In the present study, we analyzed RAE1 expression profile in different types of human cancer using the TIMER database. The results indicated that compared with normal tissues, RAE1 expression level was higher in tissues of BLCA, BRCA, CESC, CHOL, COAD, ESCA, HNSC, LIHC, LUAD, LUSC, READ, STAD, and UCEC, whereas RAE1 expression level was lower in tissues of KIRC and THCA. We also examined the mRNA and protein expression levels of RAE1 in HCC and normal tissues using the UALCAN database, and the results showed that mRNA and protein expression levels of RAE1 increased in HCC tissues. An elevated RAE1 expression level was correlated with a higher T stage, pathologic stage, tumor status, histologic grade, and AFP level. A high expression level of RAE1 was also significantly associated with distant metastasis [13]. Importantly, RAE1 expression level was correlated with AFP level in the present study. AFP is the approved marker for screening HCC among serological biomarkers, while it has an insufficient sensitivity to detect early-stage HCC patients, because AFP level is correlated with the extent of tumor burden. The GALAD score (gender (G), age (A), AFP-L3 (L), AFP (A), and DCP (D)) was successfully tested for detection of early and non-cirrhotic HCC patients to address the limitations of AFP in the detection of early-stage HCC patients, although RAE1 expression level was found independent of age (A) and gender (G) in the present study. GALAD could detect HCC independent of cirrhosis or stage of HCC [28, 29]. The serological approach for detection of early-stage HCC patients is very simple and rapid, as it is operator-independent and the GALAD score could easily be implemented in laboratory information management systems [28]. Thus, the efficiency and sensitivity of the early-stage detection of HCC patients may be improved using the combination of GALAD score and RAE1 expression level. In addition to AFP, the key molecular markers in the serum correlated with RAE1 expression level should be explored in the future study to accurately diagnose early-stage HCC patients and to identify potential targets for early treatment.

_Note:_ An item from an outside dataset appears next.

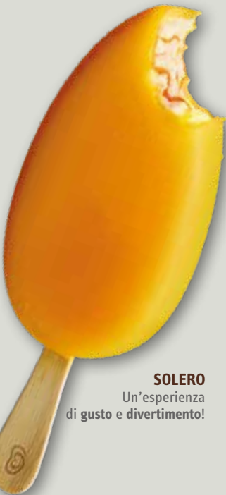
SOLERO Un'esperienza di gusto e divertimento!

In the present study, the Kaplan–Meier plotter was used to analyze the prognostic value of RAE1 expression level. A high expression level of RAE1 was significantly associated with shorter OS, PFS, DSS, and RFS. Multivariate Cox regression analysis showed that RAE1 expression level was an independent prognostic factor for a shorter OS of HCC patients. The OS is an ideal primary endpoint for patients, as it encompasses the potential mortality arising from the tumor itself or treatment or other causes [30]. However, it has been shown that OS has the disadvantage of requiring a long-term follow-up and it can be influenced by subsequent treatment lines, especially in the adjuvant treatment. The main endpoint used to define the efficacy of adjuvant therapy was RFS [31]. RFS could potentially expedite approval of a new drug, and it could not be influenced by subsequent treatments. PFS is an important factor in tumor survival analysis, and numerous clinical trials have reported significant differences in PFS, rather than in OS. PFS is a more sensitive endpoint for treatment effect, and it is also independent of post-progression survival [32]. However, PFS is very difficult to be accurately determined using patients’ records because it is generally confirmed by monitoring, and patients may be progressed prior to performing scanning [33]. The analysis of DSS trend is of great significance to determine whether patient outcomes change over time, and it is also advantageous to evaluate the effects of new interventions on mortality rate [34]. Importantly, a high expression level of RAE1 resulted in poor OS, PFS, RFS, and DSS, indicating that a high expression level of RAE1 was associated with the reduced survival rate and the increased progression and recurrence or metastatic rate. The high expression level of RAE1 was reported as an independent poor prognostic factor for colorectal cancer [13]. Moreover, the expression level of RAE1 was found to have the ability to accurately distinguish tumor tissues from normal tissues, and it could predict the 1-, 3-, and 5-year survival rates, which suggested that it could be used as a potential biomarker for the diagnosis and prognosis of HCC patients. However, the rate of RAE1 genetic alterations was only about 1.1% and the genetic alterations were not significantly associated with poor OS and DFS in HCC patients, although genetic mutations were closely associated with malignant tumors and a poor prognosis.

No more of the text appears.